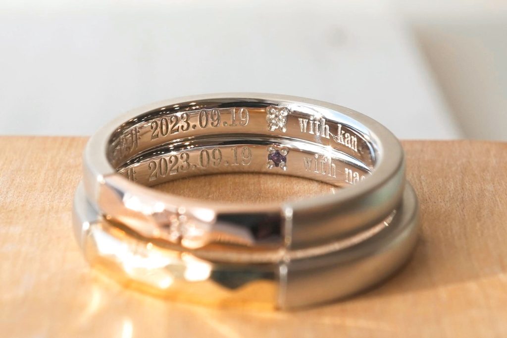 内側はおふたりの苗字、記念日お名前をレーザー刻印で刻み文字の間にはおふたりの誕生石ダイヤモンドとアメジストを留めてあります。
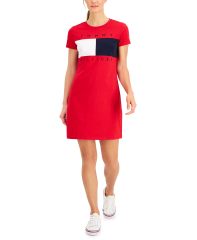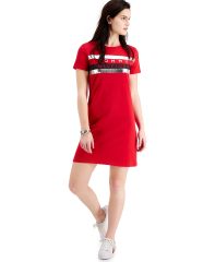 【女款】 Tommy Hilfiger Metalllic Logo T恤连衣裙 11942537Scarlet
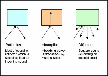 Have you ever listened to speakers outside? You might have noticed that the sound is thin and dull. This occurs because when sound is reflected, it is fuller and louder than it would if it were in an open space. So when sound is reflected, it can add a fullness, or spaciousness. The bad part of reflected sound occurs when the reflections amplify some notes, while cancelling out others, making the sound distorted. It can also affect tonal quality and create an echo-like effect. There are three types of reflected sound, pure reflection, absorption, and diffusion. Each reflection type is important in creating a "theater" type acoustic room.

==============================

- _Problem requirements_
In the data above, find the line containing "Logo T恤连衣裙 11942537Scarlet"; from there, please write out each line through the end, exactly, with the pictures omitted.

- _Task output_
 【女款】 Tommy Hilfiger Metalllic Logo T恤连衣裙 11942537Scarlet
 Have you ever listened to speakers outside? You might have noticed that the sound is thin and dull. This occurs because when sound is reflected, it is fuller and louder than it would if it were in an open space. So when sound is reflected, it can add a fullness, or spaciousness. The bad part of reflected sound occurs when the reflections amplify some notes, while cancelling out others, making the sound distorted. It can also affect tonal quality and create an echo-like effect. There are three types of reflected sound, pure reflection, absorption, and diffusion. Each reflection type is important in creating a "theater" type acoustic room.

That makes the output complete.